A more comprehensive analysis of tuples, tables, records and sets is presented in the following:

Tuples: http://xsp.xegesis.org/xst_etc5a.pdf

Klasses: http://xsp.xegesis.org/N_isntk.pdf

Records(p. 6): http://xsp.xegesis.org/Spio.pdf

Tables(p. 5): http://xsp.xegesis.org/SSDAA.pdf

Anything compatible with elementary-school textbooks.

Ditto

That’s four different sets.

As per the above, I don’t define tuples to be ordered. There’s might be an “AddressLineOne” element, but there isn’t a “third” element.

By the way, my definitions may not work as well unless we say all the sets discussed are

finite.I was taking that as implicit.Again as per the above, a table is a set of tuples, subject to a constraint about the set of first-values of the ordered pairs that make up each tuple.

Perhaps I should define that set explicitly as the “implied-table-schema” of the tuple of something.

I don’t see why, so long as you don’t go down the path that, for example, an ordered triple is an ordered pair of a singleton and an ordered pair.

Curt:

We seem to have different requirements for properties of n-tuples.

Tuples were introduced in set theory to support the concept of a function, f(a)=b.
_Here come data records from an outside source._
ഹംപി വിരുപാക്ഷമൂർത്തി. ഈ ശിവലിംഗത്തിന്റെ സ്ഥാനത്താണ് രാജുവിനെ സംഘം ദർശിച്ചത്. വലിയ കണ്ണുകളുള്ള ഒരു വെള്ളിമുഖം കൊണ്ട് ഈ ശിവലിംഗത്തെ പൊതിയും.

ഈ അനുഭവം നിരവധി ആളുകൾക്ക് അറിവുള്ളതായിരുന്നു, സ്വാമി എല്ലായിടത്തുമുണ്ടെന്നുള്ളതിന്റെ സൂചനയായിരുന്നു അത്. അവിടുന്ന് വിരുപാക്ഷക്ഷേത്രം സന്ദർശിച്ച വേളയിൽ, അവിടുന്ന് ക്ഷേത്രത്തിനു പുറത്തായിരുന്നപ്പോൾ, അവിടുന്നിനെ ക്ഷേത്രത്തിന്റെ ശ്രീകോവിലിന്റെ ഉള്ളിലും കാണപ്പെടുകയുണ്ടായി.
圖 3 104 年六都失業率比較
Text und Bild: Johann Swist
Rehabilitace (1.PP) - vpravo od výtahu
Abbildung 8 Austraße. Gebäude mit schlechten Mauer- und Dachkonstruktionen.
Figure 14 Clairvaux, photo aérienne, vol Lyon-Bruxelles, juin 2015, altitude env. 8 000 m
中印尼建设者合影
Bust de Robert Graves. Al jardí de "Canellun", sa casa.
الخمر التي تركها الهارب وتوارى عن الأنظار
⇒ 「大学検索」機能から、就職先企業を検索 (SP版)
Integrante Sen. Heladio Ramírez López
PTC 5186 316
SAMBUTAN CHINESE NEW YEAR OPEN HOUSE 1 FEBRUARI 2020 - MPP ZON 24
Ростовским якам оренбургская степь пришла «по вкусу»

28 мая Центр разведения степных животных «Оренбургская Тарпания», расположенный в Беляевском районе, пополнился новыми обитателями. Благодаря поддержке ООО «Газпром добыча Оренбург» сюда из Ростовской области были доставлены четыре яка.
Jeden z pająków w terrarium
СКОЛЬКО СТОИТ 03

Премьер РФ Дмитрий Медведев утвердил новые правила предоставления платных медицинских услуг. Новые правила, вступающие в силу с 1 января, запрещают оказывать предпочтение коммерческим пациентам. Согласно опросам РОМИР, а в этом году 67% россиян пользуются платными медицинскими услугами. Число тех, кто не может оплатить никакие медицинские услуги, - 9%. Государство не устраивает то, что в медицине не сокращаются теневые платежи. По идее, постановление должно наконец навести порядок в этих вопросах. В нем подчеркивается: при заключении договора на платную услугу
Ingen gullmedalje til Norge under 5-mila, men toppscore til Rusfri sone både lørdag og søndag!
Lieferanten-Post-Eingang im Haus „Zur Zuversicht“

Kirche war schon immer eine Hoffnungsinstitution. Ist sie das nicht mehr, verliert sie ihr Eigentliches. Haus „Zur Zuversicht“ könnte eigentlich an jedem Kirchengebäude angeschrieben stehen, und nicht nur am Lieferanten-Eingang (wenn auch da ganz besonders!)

This required a notation (with a proper underlying membership condition) that distinguished (a,b) from (b,a) when a was not equal to b. This was expanded to a general definition of n-tuple where (a(1),..,a(n)) = (b(1),..,b(n)) iff a(i)=b(i) for all i. A requisite property for n-tuples is “order”. Your definition does not seem to support this property.

For your database interests your definition may be more than adequate. For my set theoretic interest in support of functional behavior, it does not work.

For a better understanding of my set theoretic needs for tuples please read the first and last pages of Axioms, and as much of others as you have time for.

Axioms: http://xsp.xegesis.org/X_axioms.pdf

Tuples: http://xsp.xegesis.org/xst_etc5a.pdf

Klasses: http://xsp.xegesis.org/N_isntk.pdf

Records(p. 6): http://xsp.xegesis.org/Spio.pdf

Tables(p. 5): http://xsp.xegesis.org/SSDAA.pdf

You’re right, David. I’m dropping the notion of order because it’s inessential for database work.

Interestingly, columnar database architectures laugh at the notion of order. And just about every row-based analytic DBMS vendor has a columnar option coming. Greenplum’s is here; Oracle’s is known to me and not under NDA; others are surely coming too.

> I’m dropping the notion of order because it’s inessential for database work.

Preserving order is essential when a database is used to store XML documents.

@Ken,

What examples do you have in mind? I see your point as being more obvious for full-text (enhanced by XML) than for pure XML use cases.